Monymusk facing uncertain future

Published:Tuesday | February 21, 2017 | 12:00 AMMark Titus
Production at Monymusk sugar factory in Clarendon came to a halt as workers took industrial action last week, using cane carts to block the main entrance.

Despite its expressed reluctance to get back into the management of sugar factories, the Government might have no choice for the 2018 crop, as the operators of the Monymusk Sugar Factory in Clarendon have made it clear they will not start the broilers for that year.

The Chinese-owned Pan Caribbean Sugar Company recently advised stakeholders that it has no intention to take back operation of the Lionel Town-based facility come 2018.

Pan Caribbean has reportedly indicated that the factory will operate only if a joint venture partner or buyer is identified in the coming weeks.

"The Chinese have said it quite clearly. They have written to me and I know of other stakeholders who would have been advised by letter that they will not operate Monymusk for 2018," Allan Rickards, chairman of the All-Island Jamaica Cane Farmers Association, told The Sunday Gleaner.


Farmers in limbo


Approximately 30 cane farmers who have a one-year lease arrangement with Pan Caribbean could be left in the cold if the factory is not operated next year, and Rickards is hopeful that a negotiated settlement can be reached.

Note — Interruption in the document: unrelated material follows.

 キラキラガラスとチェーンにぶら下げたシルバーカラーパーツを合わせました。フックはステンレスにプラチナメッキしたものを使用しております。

"This means those farmers would know that they could have the land for one more year. We are anxious that they should get some indication very soon, so that they have some security to go about securing financing for the next crop," said Rickards,

"We expect that the agriculture minister (Karl Samuda) is going to say something about that very shortly, so my message to the farmers is to hold strain," added Rickards.

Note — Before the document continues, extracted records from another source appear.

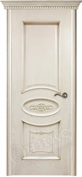 Дверь Оникс Эллипс с декором эмаль слоновая кость патина золото, глухая
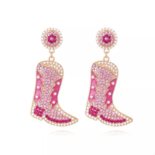 Rhinestone Cowboy Boot Dangle Earrings
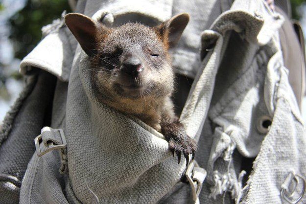Кенгуренок знакомится с новой подружкой.
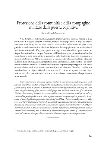 * Colonnello. Capo Uf cio Logistico Comando Legione Carabinieri Puglia.
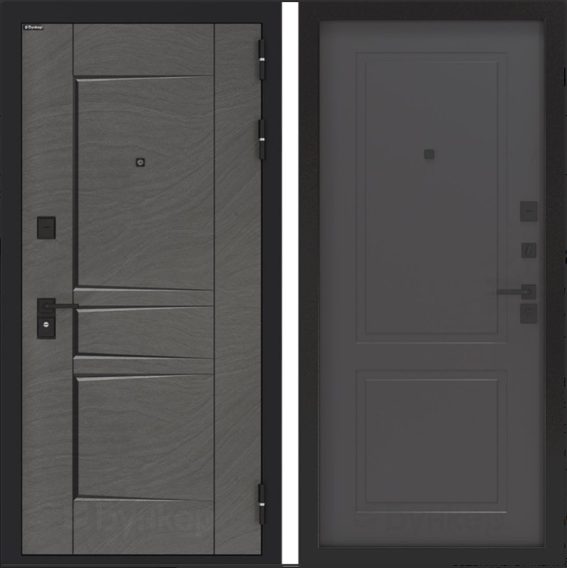 Черная матовая: Броненакладкая, сувальдные накладки со шторкой, ручка, ночник, цилиндр ключ-вертушка, глазок по центру или сбоку
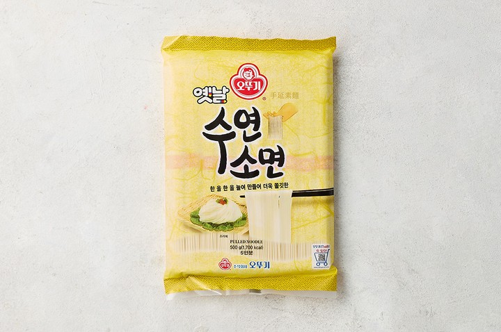 오뚜기의 옛날 국수로 다양한 종류의 국수를 만나 보세요. 이번에는 수연 소면을 소개할게요. 한 올 한 올 손으로 늘여 만드는 전통 수연 방식으로 제면하고요. 28시간 동안 8번의 숙성 과정을 거쳐 완성했답니다. 쫄깃하면서도 부드러운 식감은 물론,쉽게 퍼지지 않아 더욱 만족스러워요. 갖가지 재료를 곁들여 잔치국수,콩국수 등으로 완성해 보세요.
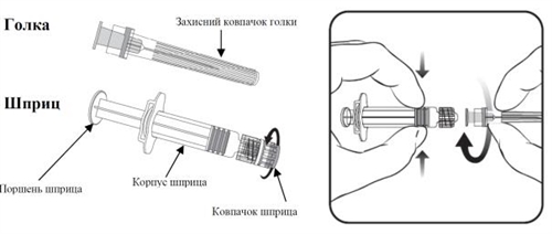 2. Для того, щоб приєднати голку до шприца, вкручуйте голку, обертаючи її за часовою стрілкою, доки не відчуєте її закріплення (див. малюнок).

Late last week, permanent secretary in the agriculture ministry, Donovan Stanberry, confirmed that the Government has been told by Pan Caribbean that it does not intend to operate the factory in 2018.

According to Stanberry, Pan Caribbean has indicated that despite this decision it is not handing back the asset which it bought from the Government in 2009.

Stanberry said Samuda will have to travel to China to discuss the matter at the highest level.


Priority for this year


Pan Caribbean has already indicated that its priority for this crop year is to ensure a successful season at the Frome Sugar Estate in Westmoreland, despite carrying out some repair work at Monymusk.

Experts from China are reportedly fine-tuning the new power boilers at Moneymusk for the belated March 1 start of the 2016-17 crop.

The company has projected that Monymusk will produce 14,000 to 16,000 tonnes of sugar this crop year from approximately 170,000 tonnes of cane.

Pan Caribbean invested more than US$260 million to renovate the factories and fields at Frome and Monymusk after becoming Jamaica's largest sugar manufacturer following its US$9-million divestment deal with the Government.

The company reportedly took a $7.3-billion hit to its bottom line by 2015, mainly because of a $5.5-billion impairment loss at Monymusk.